WORK REQUIRED:
From the material below, copy exactly the lines beginning with the one that contains "- MULTI-TASK: 5-in-1" and ending with the one that contains "데이터 관리를 선택하세요.세부"; the pictures stay out.

SUPPLIED DATA:
[Start of Attachment]

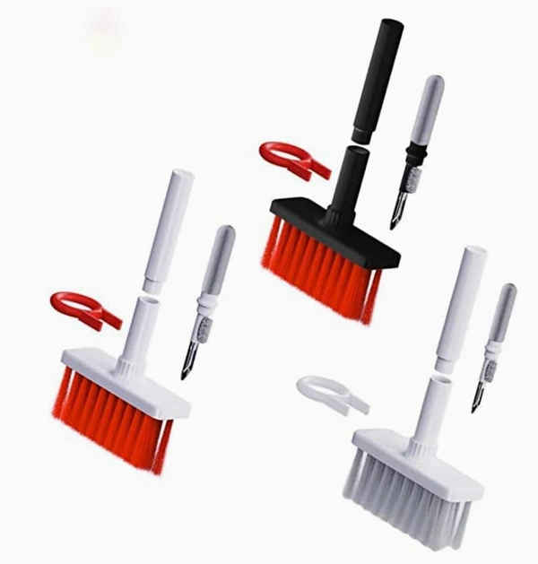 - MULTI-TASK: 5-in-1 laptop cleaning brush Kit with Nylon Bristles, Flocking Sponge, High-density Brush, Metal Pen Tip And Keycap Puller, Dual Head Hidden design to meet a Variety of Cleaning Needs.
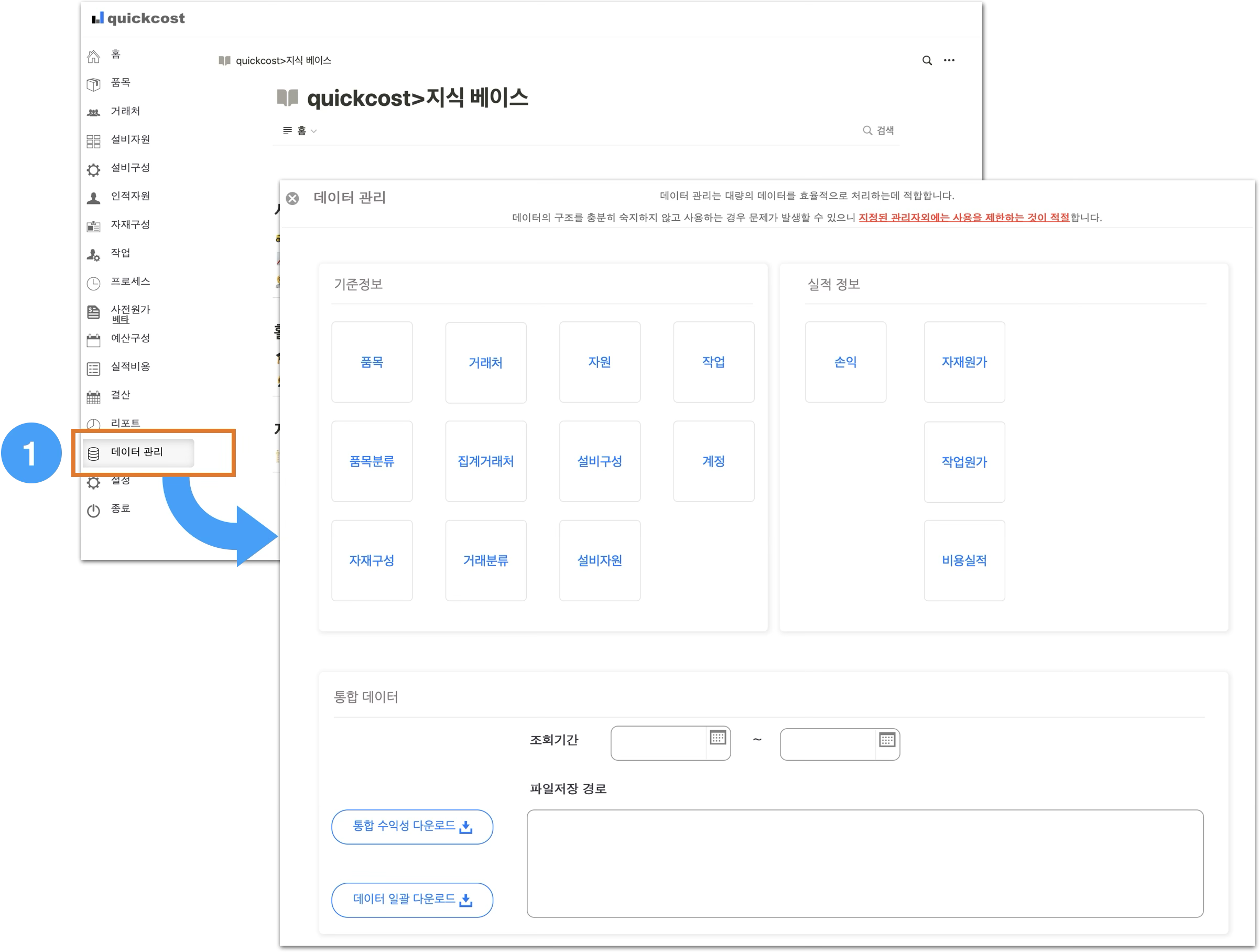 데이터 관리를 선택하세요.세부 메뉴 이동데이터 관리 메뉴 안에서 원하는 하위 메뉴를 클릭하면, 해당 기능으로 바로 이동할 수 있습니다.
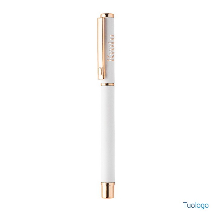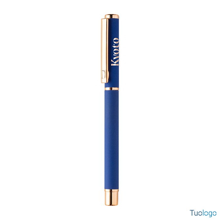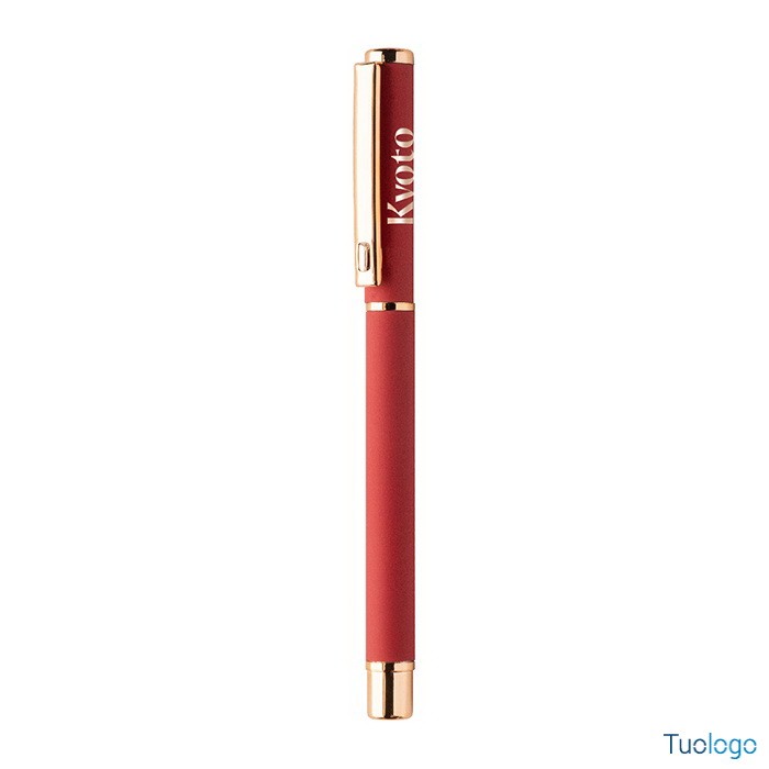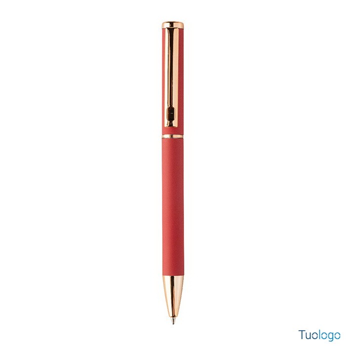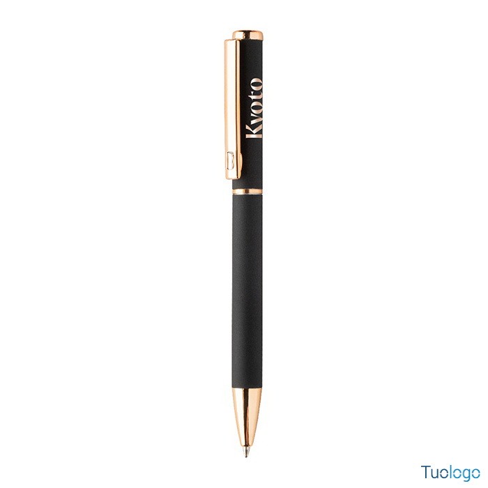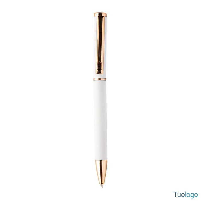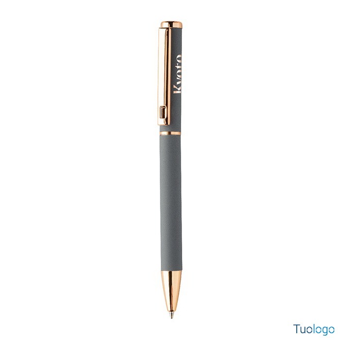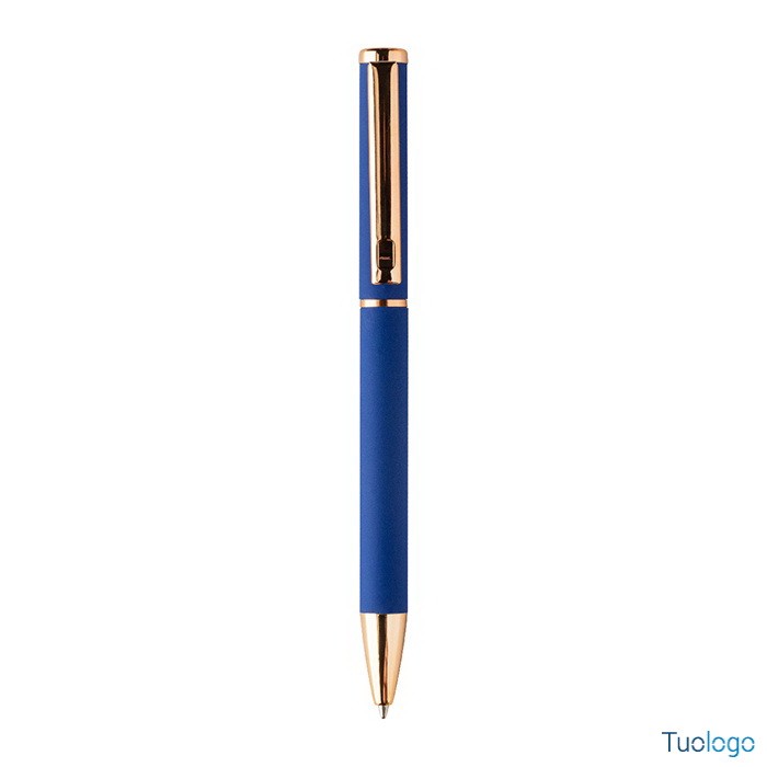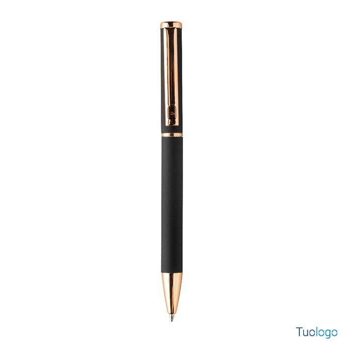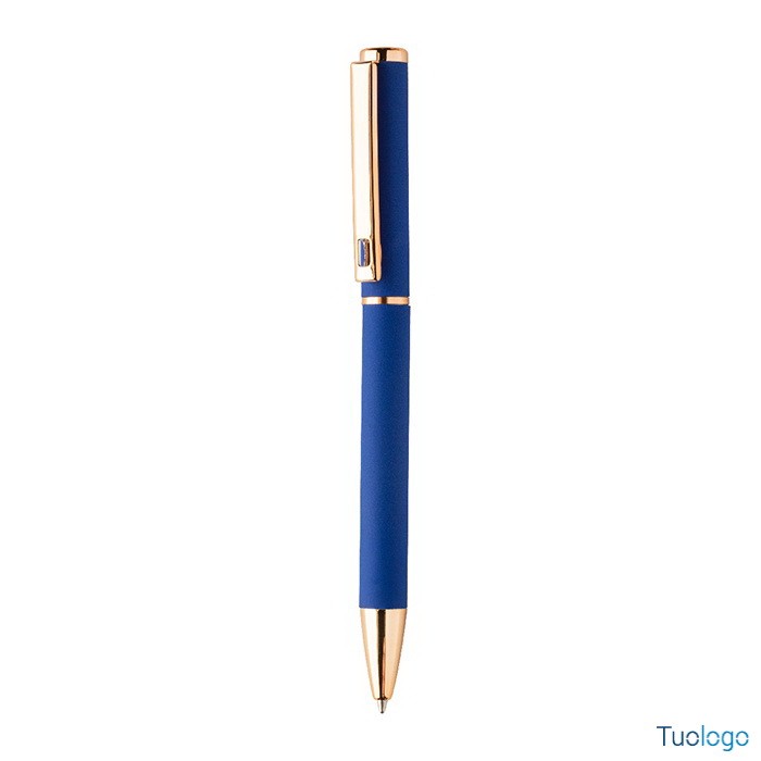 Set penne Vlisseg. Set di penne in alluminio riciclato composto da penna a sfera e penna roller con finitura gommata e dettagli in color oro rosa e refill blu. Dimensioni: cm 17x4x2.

[End of Attachment]
[Start of Attachment]

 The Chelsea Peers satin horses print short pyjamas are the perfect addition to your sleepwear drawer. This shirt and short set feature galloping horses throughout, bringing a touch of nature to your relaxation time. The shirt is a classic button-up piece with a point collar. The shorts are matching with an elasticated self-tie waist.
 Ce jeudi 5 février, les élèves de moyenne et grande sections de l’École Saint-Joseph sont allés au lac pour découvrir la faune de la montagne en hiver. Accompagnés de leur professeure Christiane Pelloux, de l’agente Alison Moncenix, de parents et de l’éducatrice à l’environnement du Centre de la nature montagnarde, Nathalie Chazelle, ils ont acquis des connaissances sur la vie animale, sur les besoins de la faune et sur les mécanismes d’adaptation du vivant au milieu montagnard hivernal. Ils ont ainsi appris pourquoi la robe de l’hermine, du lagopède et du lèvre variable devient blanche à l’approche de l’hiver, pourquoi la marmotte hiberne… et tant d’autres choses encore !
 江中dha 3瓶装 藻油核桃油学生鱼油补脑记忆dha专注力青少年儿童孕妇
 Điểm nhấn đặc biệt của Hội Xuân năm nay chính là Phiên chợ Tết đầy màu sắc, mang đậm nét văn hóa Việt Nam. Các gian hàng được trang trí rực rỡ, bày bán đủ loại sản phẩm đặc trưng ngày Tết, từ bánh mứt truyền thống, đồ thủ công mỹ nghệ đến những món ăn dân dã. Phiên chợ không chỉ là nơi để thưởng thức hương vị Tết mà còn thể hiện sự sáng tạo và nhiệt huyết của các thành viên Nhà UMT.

[End of Attachment]

WRITTEN REPLY:
 - MULTI-TASK: 5-in-1 laptop cleaning brush Kit with Nylon Bristles, Flocking Sponge, High-density Brush, Metal Pen Tip And Keycap Puller, Dual Head Hidden design to meet a Variety of Cleaning Needs.
 데이터 관리를 선택하세요.세부 메뉴 이동데이터 관리 메뉴 안에서 원하는 하위 메뉴를 클릭하면, 해당 기능으로 바로 이동할 수 있습니다.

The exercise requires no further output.